WHAT THE EXERCISE ASKS> Print out all of the records exactly; no picture belongs in the result.

Stored dataset items>
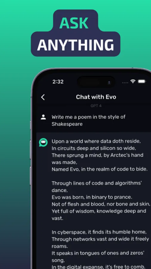 Join us on this technological journey and redefine the way you communicate with AI. Download Evo today and experience AI chat that’s not just smart, but also conversational, contextual, and surprisingly human.
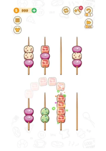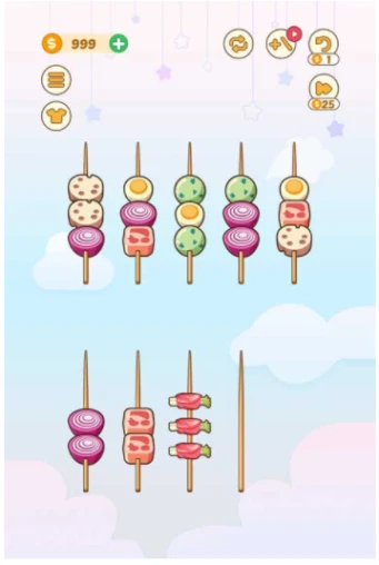 蓝天下载网为您免费提供BBQ排序拼图下载,这是一款极具娱乐性的闯关游戏,属于休闲益智类。游戏采用清新舒适的画面风格,玩法令人上瘾。玩家需将竹签上的食材分类,当所有食材都在同一竹签上即为胜利。游戏还有众多关卡可供解锁,玩家可随意排列食材展开挑战,每次移动都需认真思考。该游戏对玩家的逻辑性有一定考验,感兴趣的玩家不要错过,随时可下载畅玩。
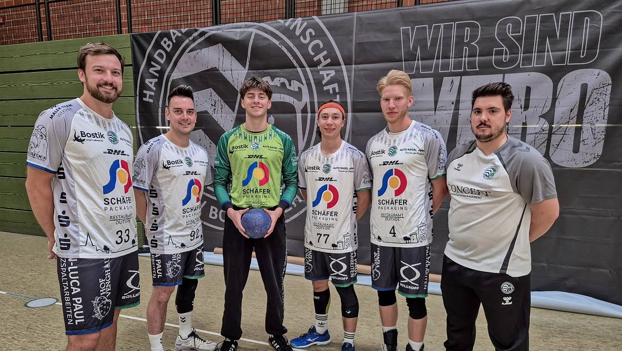 Trainer Albert Kreismann (rechts) kann bei der HSG mit fünf externen Neuzugängen arbeiten: Jendrik Lakebrink (von links), Julian Schüpping, Daniel Frey, Max Kleinepähler und Louis Hartmann. | © Gunnar Feicht
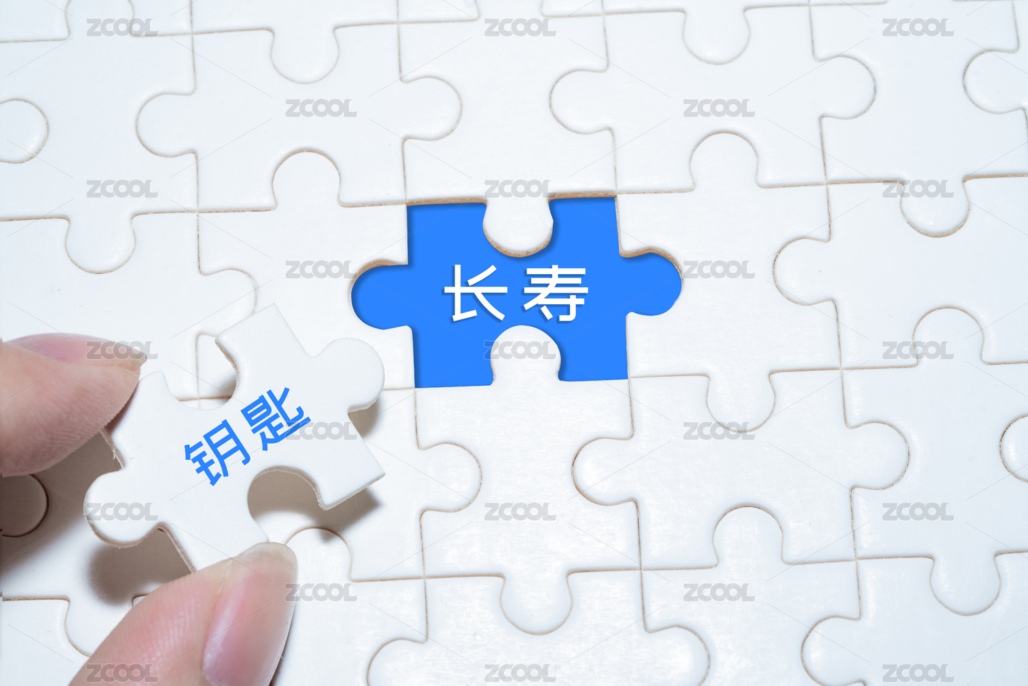 人手拿起拼塊拼圖貼圖揭露出長(zhǎng)壽健康的秘訣鑰匙秘密方法辦法醫(yī)療保健概念
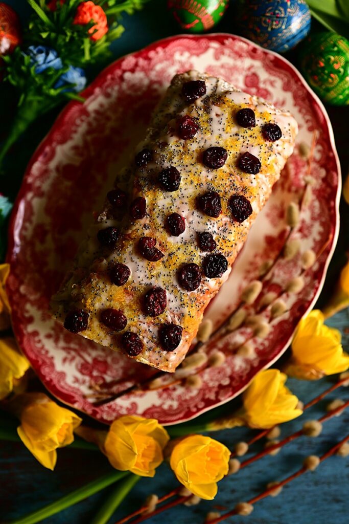 – wystudzić i polać lukrem cytrynowym. Można ozdobić żurawiną i makiem
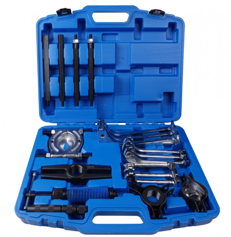 Комплектація: 10-тонний гідравлічний циліндр діаметром 37.7 мм. – 160 мм.х16Т (дюйм) – 1 шт. Комплект лап: 4; -6; -8; по 3 шт. кожних. Подвійна головка1 шт. Потрійна головка1 шт. Виштовхувач 1-11/4; 1 шт. Подовжувальна штанга 1; -2; 1 шт. Подовжувальна штанга 1; -4; 1 шт. Подовжувальна штанга 8-1.75Р2 шт. Рукоятка1 шт. Сепаратор та болт (діапазон: 75мм-105мм болт 5/8-18Т)1 шт. Гайка1 шт. Окремий знімач для підшипників1 шт.
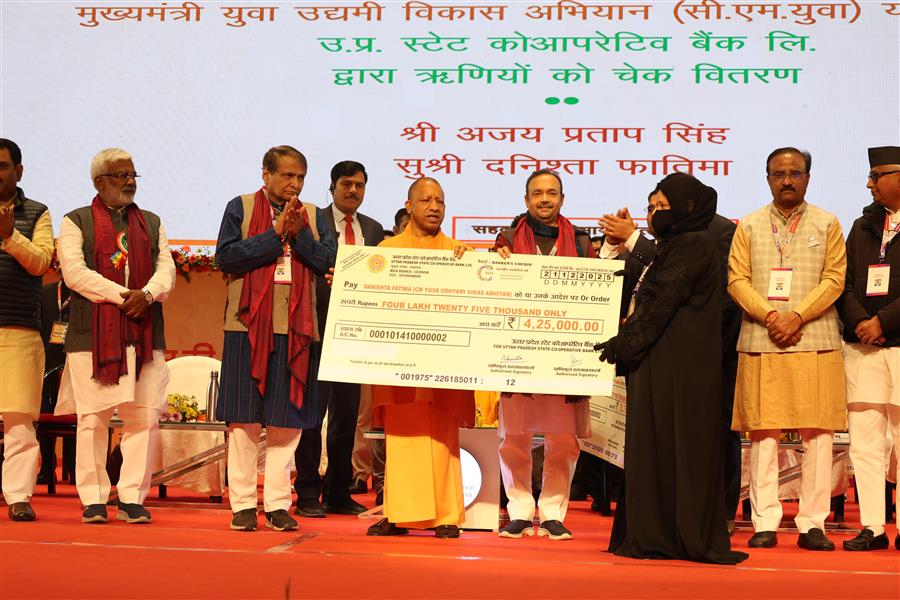 👉 यूपी स्टेट को-ऑपरेटिव बैंक लिमिटेड द्वारा सीएम युवा उद्यमी योजना के तहत अजय प्रताप सिंह को दनिश्ता फातिमा को पांच-पांच लाख ऋण का चेक दिया गया

OUTPUT FOR THIS EXERCISE>
 Join us on this technological journey and redefine the way you communicate with AI. Download Evo today and experience AI chat that’s not just smart, but also conversational, contextual, and surprisingly human.
 蓝天下载网为您免费提供BBQ排序拼图下载,这是一款极具娱乐性的闯关游戏,属于休闲益智类。游戏采用清新舒适的画面风格,玩法令人上瘾。玩家需将竹签上的食材分类,当所有食材都在同一竹签上即为胜利。游戏还有众多关卡可供解锁,玩家可随意排列食材展开挑战,每次移动都需认真思考。该游戏对玩家的逻辑性有一定考验,感兴趣的玩家不要错过,随时可下载畅玩。
 Trainer Albert Kreismann (rechts) kann bei der HSG mit fünf externen Neuzugängen arbeiten: Jendrik Lakebrink (von links), Julian Schüpping, Daniel Frey, Max Kleinepähler und Louis Hartmann. | © Gunnar Feicht
 人手拿起拼塊拼圖貼圖揭露出長(zhǎng)壽健康的秘訣鑰匙秘密方法辦法醫(yī)療保健概念
 – wystudzić i polać lukrem cytrynowym. Można ozdobić żurawiną i makiem
 Комплектація: 10-тонний гідравлічний циліндр діаметром 37.7 мм. – 160 мм.х16Т (дюйм) – 1 шт. Комплект лап: 4; -6; -8; по 3 шт. кожних. Подвійна головка1 шт. Потрійна головка1 шт. Виштовхувач 1-11/4; 1 шт. Подовжувальна штанга 1; -2; 1 шт. Подовжувальна штанга 1; -4; 1 шт. Подовжувальна штанга 8-1.75Р2 шт. Рукоятка1 шт. Сепаратор та болт (діапазон: 75мм-105мм болт 5/8-18Т)1 шт. Гайка1 шт. Окремий знімач для підшипників1 шт.
 👉 यूपी स्टेट को-ऑपरेटिव बैंक लिमिटेड द्वारा सीएम युवा उद्यमी योजना के तहत अजय प्रताप सिंह को दनिश्ता फातिमा को पांच-पांच लाख ऋण का चेक दिया गया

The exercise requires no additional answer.